* _Task to carry out_: Copy word for word, please, the lines of the entries below running from the one containing "Detalles de trench" to the one containing "Locomotor maturation requires", both ends included.

* _Supplied material_:
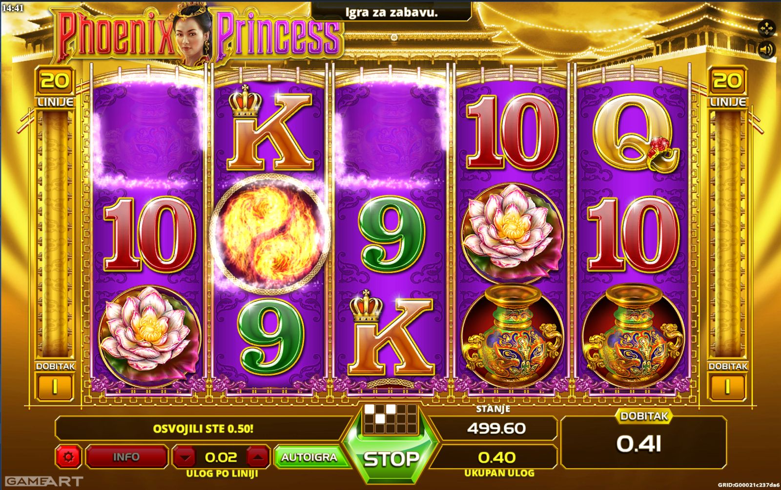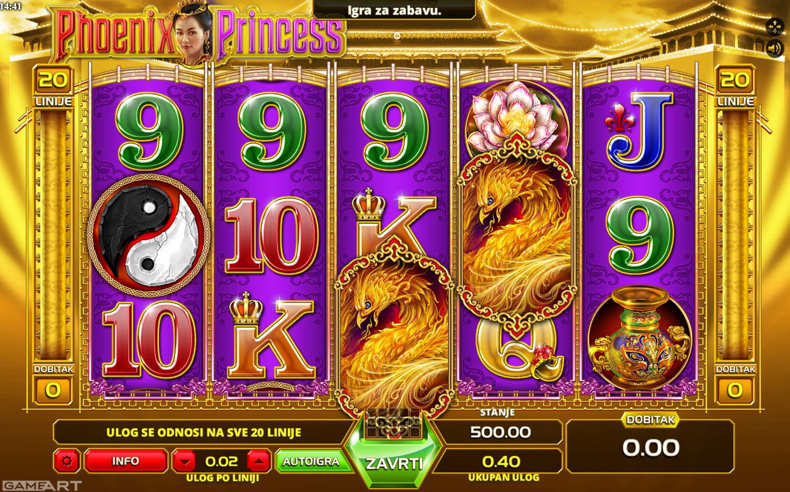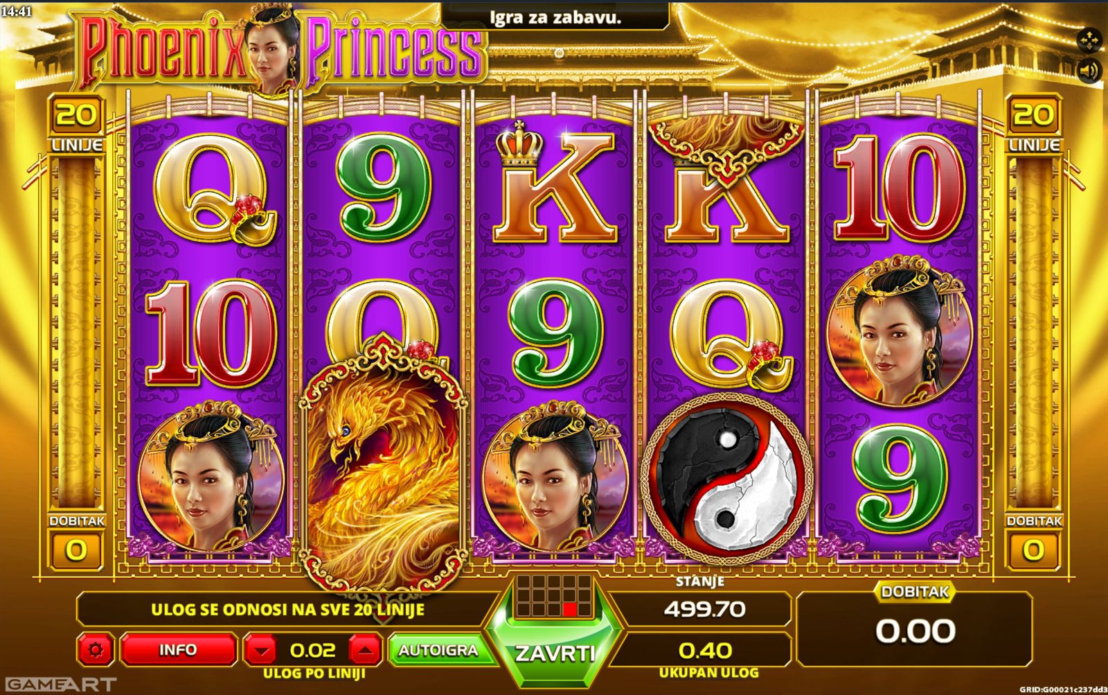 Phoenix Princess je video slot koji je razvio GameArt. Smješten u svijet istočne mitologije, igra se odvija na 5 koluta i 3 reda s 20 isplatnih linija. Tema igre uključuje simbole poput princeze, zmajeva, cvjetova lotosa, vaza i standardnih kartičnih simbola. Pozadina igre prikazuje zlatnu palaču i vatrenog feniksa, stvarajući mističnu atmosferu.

--

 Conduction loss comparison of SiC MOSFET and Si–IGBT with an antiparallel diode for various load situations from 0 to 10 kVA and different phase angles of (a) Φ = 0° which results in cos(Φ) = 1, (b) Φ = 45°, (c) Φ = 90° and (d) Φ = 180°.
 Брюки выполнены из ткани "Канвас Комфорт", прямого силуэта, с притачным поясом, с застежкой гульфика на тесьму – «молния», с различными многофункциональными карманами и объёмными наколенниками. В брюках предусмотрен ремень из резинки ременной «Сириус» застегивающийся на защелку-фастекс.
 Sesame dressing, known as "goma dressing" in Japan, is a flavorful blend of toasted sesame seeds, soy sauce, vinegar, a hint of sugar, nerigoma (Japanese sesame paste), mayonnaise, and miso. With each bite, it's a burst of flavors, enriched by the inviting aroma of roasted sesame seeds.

...

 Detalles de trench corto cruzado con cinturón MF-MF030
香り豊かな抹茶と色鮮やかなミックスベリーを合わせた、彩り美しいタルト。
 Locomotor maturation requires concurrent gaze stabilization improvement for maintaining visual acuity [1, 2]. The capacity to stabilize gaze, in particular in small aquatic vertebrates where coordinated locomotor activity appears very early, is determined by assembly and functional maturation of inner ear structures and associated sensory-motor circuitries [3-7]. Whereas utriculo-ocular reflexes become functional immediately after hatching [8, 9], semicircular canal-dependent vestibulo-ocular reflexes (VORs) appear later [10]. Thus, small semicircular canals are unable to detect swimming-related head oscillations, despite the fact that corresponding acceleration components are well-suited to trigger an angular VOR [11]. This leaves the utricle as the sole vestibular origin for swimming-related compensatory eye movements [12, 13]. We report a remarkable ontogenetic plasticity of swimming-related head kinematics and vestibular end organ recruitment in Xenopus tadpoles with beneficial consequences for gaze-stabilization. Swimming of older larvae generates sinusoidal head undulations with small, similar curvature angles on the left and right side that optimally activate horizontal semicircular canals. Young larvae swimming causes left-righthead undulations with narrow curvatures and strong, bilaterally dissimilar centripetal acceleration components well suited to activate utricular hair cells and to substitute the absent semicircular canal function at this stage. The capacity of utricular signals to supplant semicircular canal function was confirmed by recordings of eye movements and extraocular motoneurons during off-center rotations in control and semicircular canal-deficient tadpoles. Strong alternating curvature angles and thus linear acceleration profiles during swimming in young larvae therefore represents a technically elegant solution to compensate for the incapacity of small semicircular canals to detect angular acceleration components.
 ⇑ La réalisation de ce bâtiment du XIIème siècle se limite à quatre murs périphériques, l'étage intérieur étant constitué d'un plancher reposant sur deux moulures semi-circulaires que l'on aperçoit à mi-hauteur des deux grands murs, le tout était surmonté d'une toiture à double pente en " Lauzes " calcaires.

* _Output_:
 Detalles de trench corto cruzado con cinturón MF-MF030
香り豊かな抹茶と色鮮やかなミックスベリーを合わせた、彩り美しいタルト。
 Locomotor maturation requires concurrent gaze stabilization improvement for maintaining visual acuity [1, 2]. The capacity to stabilize gaze, in particular in small aquatic vertebrates where coordinated locomotor activity appears very early, is determined by assembly and functional maturation of inner ear structures and associated sensory-motor circuitries [3-7]. Whereas utriculo-ocular reflexes become functional immediately after hatching [8, 9], semicircular canal-dependent vestibulo-ocular reflexes (VORs) appear later [10]. Thus, small semicircular canals are unable to detect swimming-related head oscillations, despite the fact that corresponding acceleration components are well-suited to trigger an angular VOR [11]. This leaves the utricle as the sole vestibular origin for swimming-related compensatory eye movements [12, 13]. We report a remarkable ontogenetic plasticity of swimming-related head kinematics and vestibular end organ recruitment in Xenopus tadpoles with beneficial consequences for gaze-stabilization. Swimming of older larvae generates sinusoidal head undulations with small, similar curvature angles on the left and right side that optimally activate horizontal semicircular canals. Young larvae swimming causes left-righthead undulations with narrow curvatures and strong, bilaterally dissimilar centripetal acceleration components well suited to activate utricular hair cells and to substitute the absent semicircular canal function at this stage. The capacity of utricular signals to supplant semicircular canal function was confirmed by recordings of eye movements and extraocular motoneurons during off-center rotations in control and semicircular canal-deficient tadpoles. Strong alternating curvature angles and thus linear acceleration profiles during swimming in young larvae therefore represents a technically elegant solution to compensate for the incapacity of small semicircular canals to detect angular acceleration components.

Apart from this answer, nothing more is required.